Long-term interest rates drive much of the economic activity in the U.S.  When interest rates are low, people and establishments are more likely to borrow money for purchasing homes or growing their businesses.  When interest rates are high, people and establishments are less likely to do so.  In this lab, we'll work with economic data from the U.S. from 1980 to 1998 to explore relationships involving interest rates.

Open the data file USeconstat.JMP.  The data are culled from the 1997 Organization for Economic Cooperation and Development economic outlook report.  There are dozens of variables, but we'll only use a small number.  For convenience, all the relevant variables are among the first few columns in the JMP file.

IMPORTANT CAVEAT FOR ALL ANALYSES:   One can look at many relationships with economic (or any) data.  It is tempting to assign causal explanations to those relationships.  This is risky.  Just because there is (or is not) a relationship between two variables, it does not mean there is (or is not) a causal relationship between those variables.   There could be many other factors that affect both variables, and these could explain what is seen in the graphs.

Questions:

1)  Describe the distribution of long-term interest rates.  That is, say where most values are, note any outliers, and say whether the distribution is tightly packed around its mean or is spread out.  Also, report the mean and standard deviation. 

2)  Long-term interest rates right now are around 4.5%.  Describe how 4.5% compares to the historical record of long-term interest rates from 1980 -1998.

3)  How did long-term interest rates change annually between 1980 - 1998?   Were they (i) generally going up; (ii) generally steady; (iii) generally going down; or (iv) all over the place?  Just write a short phrase as your answer.

4)  Using the data, describe the relationship between long-term and short-term interest rates.   Include in your descriptions a one-number summary of the strength of the association between the two variables.

5)  Using the data, describe the relationship between long-term interest rates and unemployment rates.  Include in your descriptions a one-number summary of the strength of the association between the two variables.

6)  Using the data, describe the relationship between long-term interest rates and gross domestic product (market prices).  Include in your descriptions a one-number summary of the strength of the association between the two variables.

7)  Of the following two variables, which one has the weaker linear association with long-term interest rates:  (i) wage rate in business sector; or (ii) net lending, government?  Explain your choice in one sentence.

8)  What is the correlation between government net borrowing and long-term interest rates?  Note that borrowing is the opposite of lending, so that net borrowing equals negative one times net lending.

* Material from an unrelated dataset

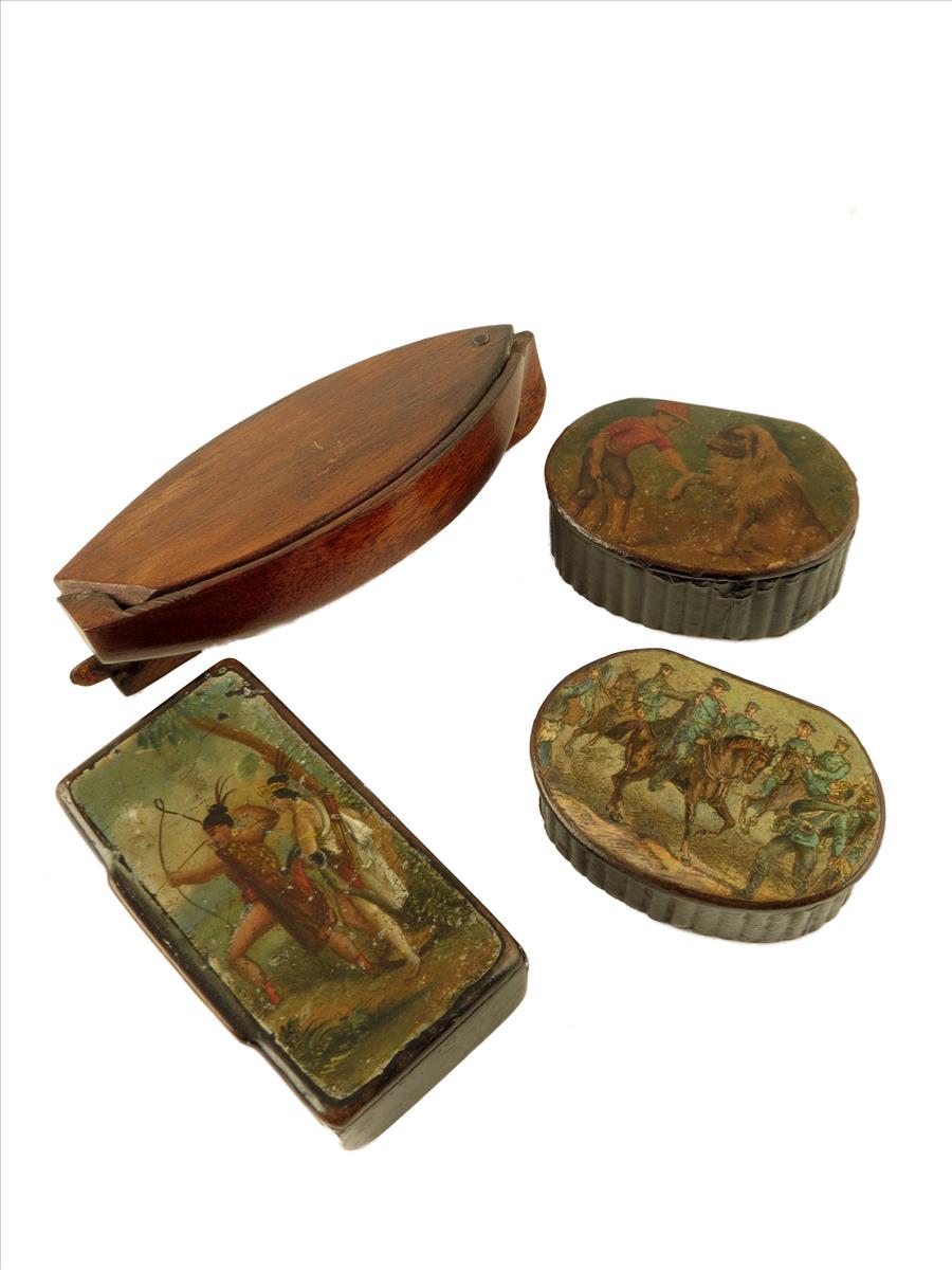 A mahogany snuff box, modelled as a boat, the brass rudder, 4½in (11.4cm) long, and three 19th century papier mache snuff boxes; two with printed covers, a boy holding a dogs paw, a German military equestrian scene, 2¼in (5.7cm) wide, and a painted scene of two South American natives, 3in (7.6cm) wide. (4)

9) Suppose you had a model that gave reasonable predictions about long-term interest rates in the next year. (This is fantasy: interest rates are notoriously hard to predict.  You'd be a billionaire many times over if you come up with a good prediction model.  Believe me, there are many statisticians and economists trying to do so!)  Suppose you predict that interest rates next year will be 6.0%.  Predict gross domestic product (market prices) for next year using a regression line to make your prediction.

To fit a regression line, go to Analyze - Fit Y by X.  Select "Gross Domestic Product (Market Prices), Value" as the Y variable and "Interest rate, Long-term" as the X variable.  Once you see the scatter plot, go to the red arrow next to Bivariate Fit.   Select Fit Line.  The intercept and slope of the regression line are the values in the first column of the table labelled Parameter Estimates.  We'll talk about the values in the other columns, as well as the values in the other tables, later in the course.

10)   Does the scatter plot suggest any clearly non-linear relationships in the data?   Justify your answer in at most two sentences.

11)  If interest rates were 1%, could you use the regression equation to predict the corresponding gross domestic product (market prices)?  If you think so, write down the predicted value of GDP.  If you think not, explain why not in at most one sentence.  ONLY WRITE ONE ANSWER: WRITING BOTH ANSWERS GETS NO CREDIT.